## YOUR INSTRUCTIONS:
Type out the lines below exactly, from the first through the line holding "Tablica magnetyczna to", and include no pictures.

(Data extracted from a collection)
-.-.-
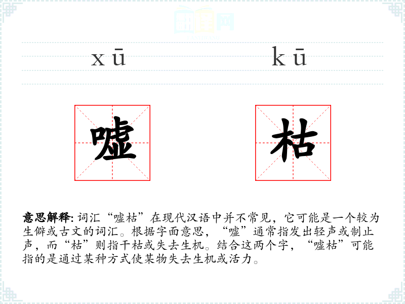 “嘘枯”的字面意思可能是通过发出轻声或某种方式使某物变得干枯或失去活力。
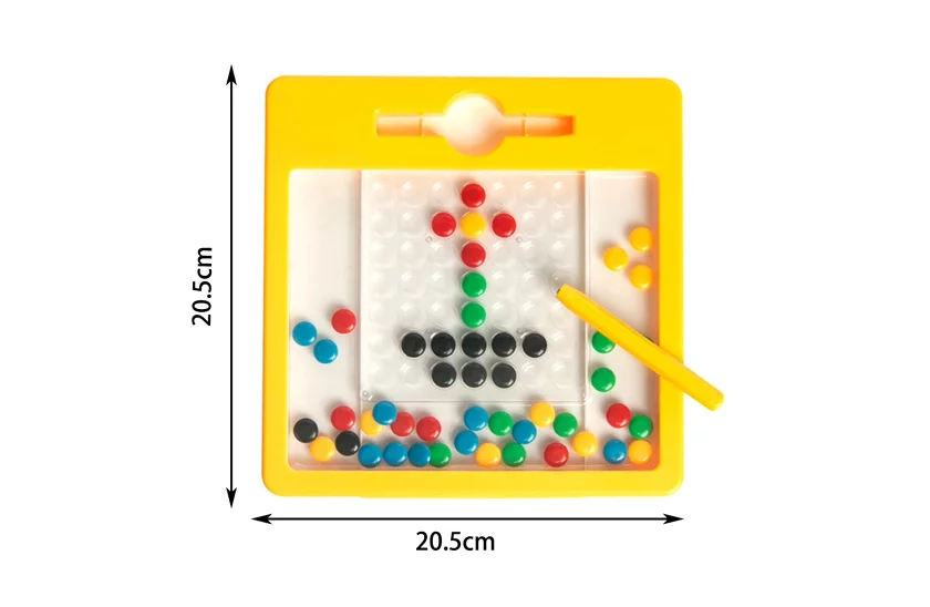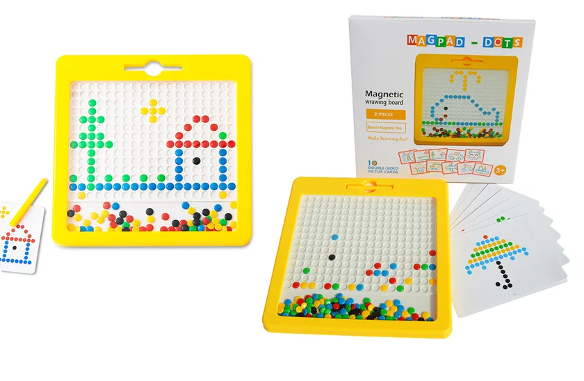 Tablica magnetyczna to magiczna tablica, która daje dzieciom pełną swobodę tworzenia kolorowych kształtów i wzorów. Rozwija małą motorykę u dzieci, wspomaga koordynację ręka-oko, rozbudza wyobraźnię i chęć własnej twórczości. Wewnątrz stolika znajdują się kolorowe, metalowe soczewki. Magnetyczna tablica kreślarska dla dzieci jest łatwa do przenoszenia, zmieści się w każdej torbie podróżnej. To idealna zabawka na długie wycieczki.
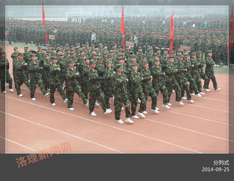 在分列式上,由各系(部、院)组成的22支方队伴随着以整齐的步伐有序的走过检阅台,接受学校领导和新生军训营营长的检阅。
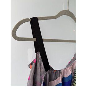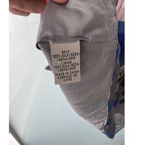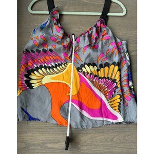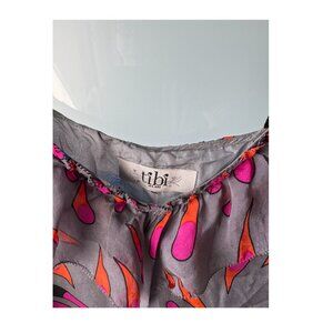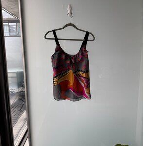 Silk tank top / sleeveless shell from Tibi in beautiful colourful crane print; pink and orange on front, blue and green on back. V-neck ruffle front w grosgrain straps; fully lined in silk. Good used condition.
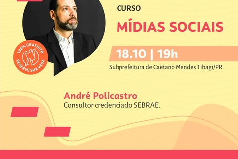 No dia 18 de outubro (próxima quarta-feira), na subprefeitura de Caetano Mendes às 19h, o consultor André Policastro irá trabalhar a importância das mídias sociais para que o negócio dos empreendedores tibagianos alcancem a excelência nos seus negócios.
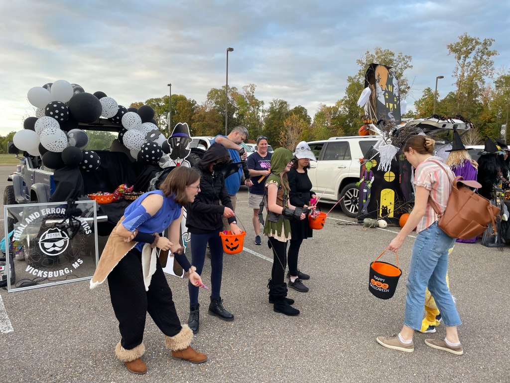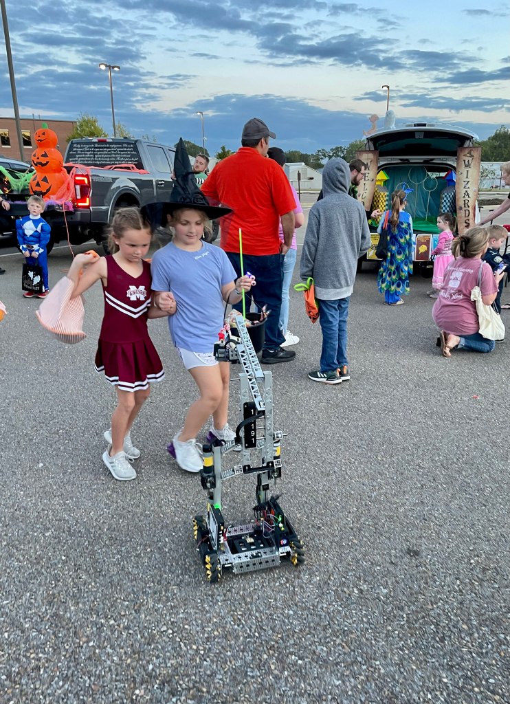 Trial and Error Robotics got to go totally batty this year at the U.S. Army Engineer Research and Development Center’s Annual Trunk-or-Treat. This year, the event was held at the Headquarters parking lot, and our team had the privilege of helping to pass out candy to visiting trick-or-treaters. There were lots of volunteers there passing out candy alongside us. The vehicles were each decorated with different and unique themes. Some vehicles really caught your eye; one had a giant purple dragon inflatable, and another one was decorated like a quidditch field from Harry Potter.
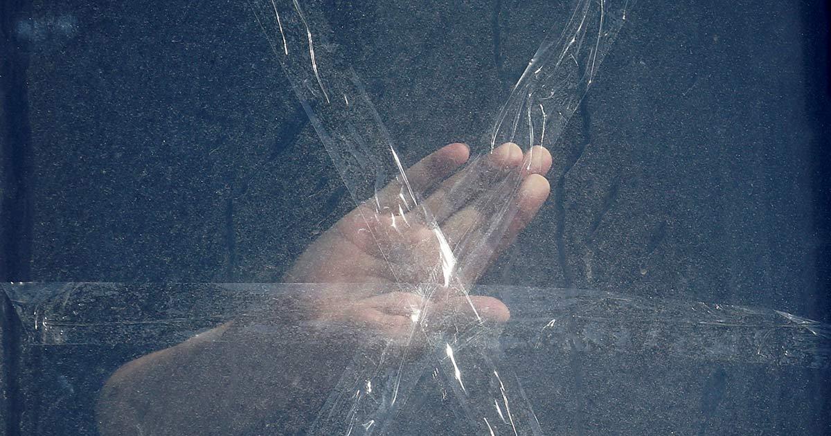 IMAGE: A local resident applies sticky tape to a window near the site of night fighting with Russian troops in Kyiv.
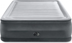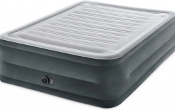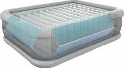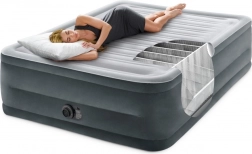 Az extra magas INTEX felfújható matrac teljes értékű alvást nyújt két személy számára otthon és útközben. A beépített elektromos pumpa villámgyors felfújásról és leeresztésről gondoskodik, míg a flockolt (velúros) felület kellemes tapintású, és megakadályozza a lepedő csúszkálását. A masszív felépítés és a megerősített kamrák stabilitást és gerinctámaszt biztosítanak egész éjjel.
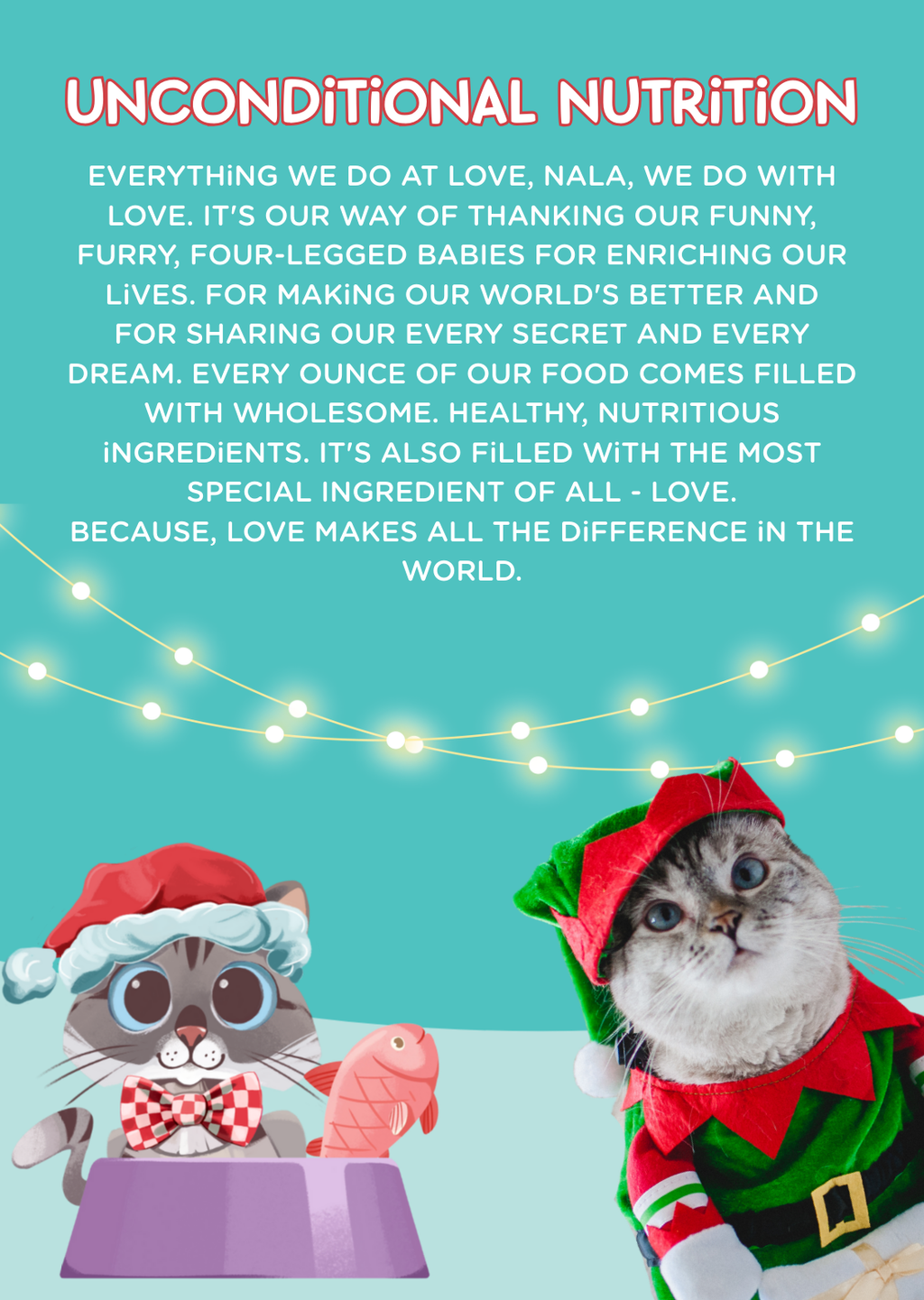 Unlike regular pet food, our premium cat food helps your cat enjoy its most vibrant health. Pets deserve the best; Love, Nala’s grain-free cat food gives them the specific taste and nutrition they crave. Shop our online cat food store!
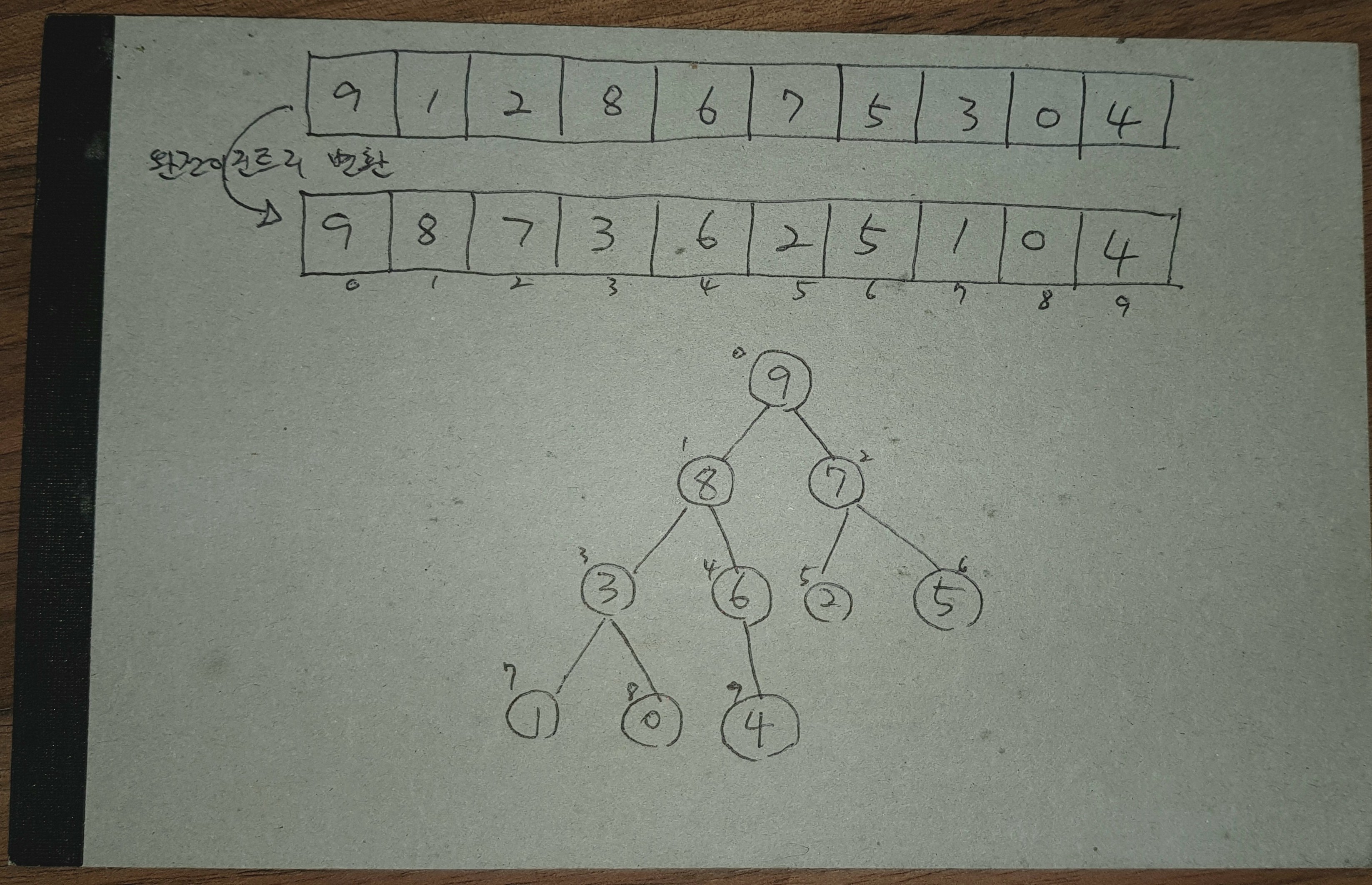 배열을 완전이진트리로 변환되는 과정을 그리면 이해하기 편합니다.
-.-.-
## EXERCISE SOLUTION:
 “嘘枯”的字面意思可能是通过发出轻声或某种方式使某物变得干枯或失去活力。
 Tablica magnetyczna to magiczna tablica, która daje dzieciom pełną swobodę tworzenia kolorowych kształtów i wzorów. Rozwija małą motorykę u dzieci, wspomaga koordynację ręka-oko, rozbudza wyobraźnię i chęć własnej twórczości. Wewnątrz stolika znajdują się kolorowe, metalowe soczewki. Magnetyczna tablica kreślarska dla dzieci jest łatwa do przenoszenia, zmieści się w każdej torbie podróżnej. To idealna zabawka na długie wycieczki.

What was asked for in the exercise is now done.